Issue Date: View January/February 2008, Posted On: 1/1/2008

Conquer Clutter

By Martha Thomas
Do you feel buried beneath a stack of unsorted bills, magazines and catalogues? Does a drawer in your kitchen overflow with rubber bands, twist ties, unidentified keys and half-spent birthday candles? Are the shoes you kicked off in the hallway constantly underfoot? Has the Scotch tape disappeared forever?

If you answered “yes,” don’t worry. These are standard-issue clutter problems. You’re not necessarily a “disposaphobic.” Those poor souls can’t throw anything away, not newspapers, not old clothes, not empty bottles or banana peels. At least your household hasn’t gone totally off the rails, you say.

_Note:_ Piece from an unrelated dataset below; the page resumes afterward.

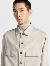 The white Oasi Cashmere Alba overshirt transforms a relaxed design with luxury materials. INFO Showcasing Zegna's uncompromising approach to natural materials, the white Oasi Cashmere Alba overshirt carries the brand's legacy of fine craftsmanship into a new era. The exceptionally soft quality of the cashmere elevates the informal design, which is completed with elbow patches and flap pockets. The inspiration for the iconic Alba Overshirt, Alba the Italian word for 'Sunrise', was Born in Oasi Zegna, the home of our values in the Italian Alps. It's crafted from Oasi Cashmere fibres, which ZEGNA commits to certifying as traceable from 2024. Wear it from dawn to dusk as either a shirt or lightweight jacket. PRODUCT CODE E8V46-SOT6-926 MATERIALS AND CARE Main body: 100% Cashmere Lining: 100% Polyester This Oasi Cashmere Collection garment was Born in Oasi Zegna, our 100km² natural territory and the home of our values. Crafted from cashmere of uncompromising quality and softness, the Oasi Cashmere Collection follows in the footsteps of our founder, who envisioned a vertically integrated system of producing textiles. Do not wash. Do not bleach. Do not tumble dry. Iron at max 110°C. Professional dry cleaning in tetrachloroethene and hydrocarbons, mild process. FIT AND PRODUCT DETAILS • Regular fit • Shirt collar • Button closure • Straight hem • Smooth shirt cuffs • Elbow patches • Chest flap pockets • 73 cm length on size 48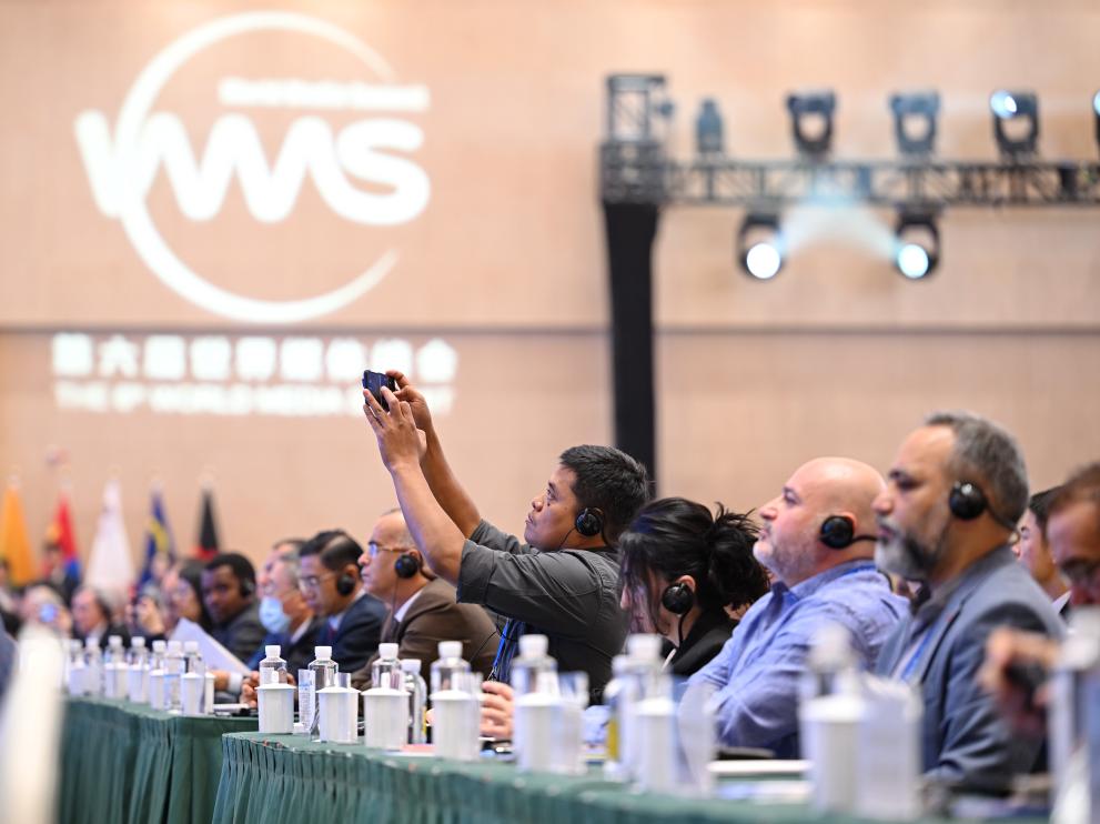 10月14日上午,以“人工智能与媒体变革”为主题的第六届世界媒体峰会在乌鲁木齐开幕。新华社记者牟宇摄

That doesn’t mean you don’t need help. If you really can’t find the Scotch tape and you actually do trip over your shoes every time you walk down the hall, you need professional assistance. Maybe it’s time to call Betsy Fein, founder of Clutter Busters, a Bethesda-based company that will find the tape and much more. (Fein on tape: “It’s like a lost sock. I keep one roll in the junk drawer and one in my office, but if you asked me right now, I couldn’t put my hands on it.” She blames her sticky-fingered children.)

Most of the clients served by Fein’s three franchises have tried other clutter-busting cures to no avail. “They’re done with trying to do it themselves,” she says. “They’re ready to call in the experts.” The average transformation from cluttered to clear takes between 15 and 20 hours — at between $80 and $95 an hour — divided into several sessions. Fein discourages clients from buying anything. “They’ve probably been to Target or The Container Store and bought a bunch of crates and boxes already,” she says. And she strongly disapproves of paid storage. “We’re hostages of our things,” she says. “It’s all coming in, but nothing’s going out, and we end up spending money to store stuff that isn’t even worth the monthly fee.”

Fein recommends that do-it-yourselfers start small: “Don’t try to organize your entire garage or basement in one afternoon. You’ll go crazy. Start by finding a place to put your mail and going through it each day.”

If you create a filing system, make it simple and train yourself to use it. Going paperless will help your clutter problem as well as the environment. Get off mailing lists and do your banking and bill-paying online whenever possible. (See Your Money on Page 54 for more tips.)

Fein does have extreme cases, clients who resemble New York’s notorious Collyer brothers, who were found dead in their Fifth Avenue mansion in 1947 among 80 tons of stuff, from orange peels to car parts. Fein calls such people hoarders and says they account for about 15 percent of her business.